Вместо того чтобы обидеться, Томмот засиял, и это взбесило девушку. Кулаками в грудь она погнала его, пятящегося, на другую половину дома.
Услышав возню, Ааныс поспешила в комнату.
— Кыча! Что с тобой?
Она оттащила дочь, Кыча упала на стол головой и зашлась в плаче. Ааныс увела её за перегородку.
Томмот ликовал, ему казалось даже, что сумерки отступили, что в доме стало светлей.
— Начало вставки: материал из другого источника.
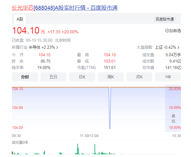 今日(5月19日)早盘,芯片概念相关板块集体爆发,其中,存储芯片、MCU芯片、汽车芯片等细分板块涨幅居前。具体个股方面,截止午间收盘,长光华芯、恒烁股份双双20cm涨停,德明利、科瑞技术、大为股份也封板涨停,同时,智立方、全志科技、朗科科技等多股涨幅超10%,此外,今日上市的芯片新股N飞测大涨186%。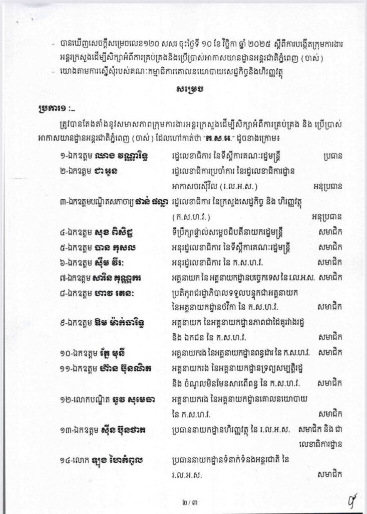 នៅក្នុងសេចក្តីសម្រេចនោះ បានតែងតាំងនូវសមាសភាពក្រុមការងារអន្តរក្រសួងដើម្បីសិក្សាអំពីការគ្រប់គ្រង និងប្រើប្រាស់ អាកាសយានដ្ឋានអន្តរជាតិភ្នំពេញ (ចាស់) ដែលហៅកាត់ថា“ក.ស.អ.” ដែលមានលោក ឈាង វណ្ណារិទ្ធ រដ្ឋលេខាធិការ នៃទីស្តីការគណៈរដ្ឋមន្ត្រី ជាប្រធាន អមដោយអនុប្រធាន និងសមាជិកជាច្រើនរូបទៀត៕

Вскоре из-за перегородки вышла Ааныс. Ожидая беды, она украдкой бросила на Томмота короткий взгляд. Успокоилась, однако, видя, что и парень спокоен и даже чему-то рад.
— Лежит и плачет… Что тут случилось?
— Да так, просто…
— Как это так! — с сомнением покачала головой Ааныс.
— Сердится, что в бандитах. Но я никого не граблю, просто выезжаю с ними…
— Хворает она, вот и не в себе немножко. Голубчик, ты на неё не сердись…
— Нет, разве можно…
— Вот и хорошо. Я быстро управлюсь. Пусть она там одна успокоится, а ты посиди тут.
И правда, Ааныс скоро появилась с берестяным подойником в руках. В тёмном закутке за печкой она перелила надоенное молоко в другую посуду и подошла к столу.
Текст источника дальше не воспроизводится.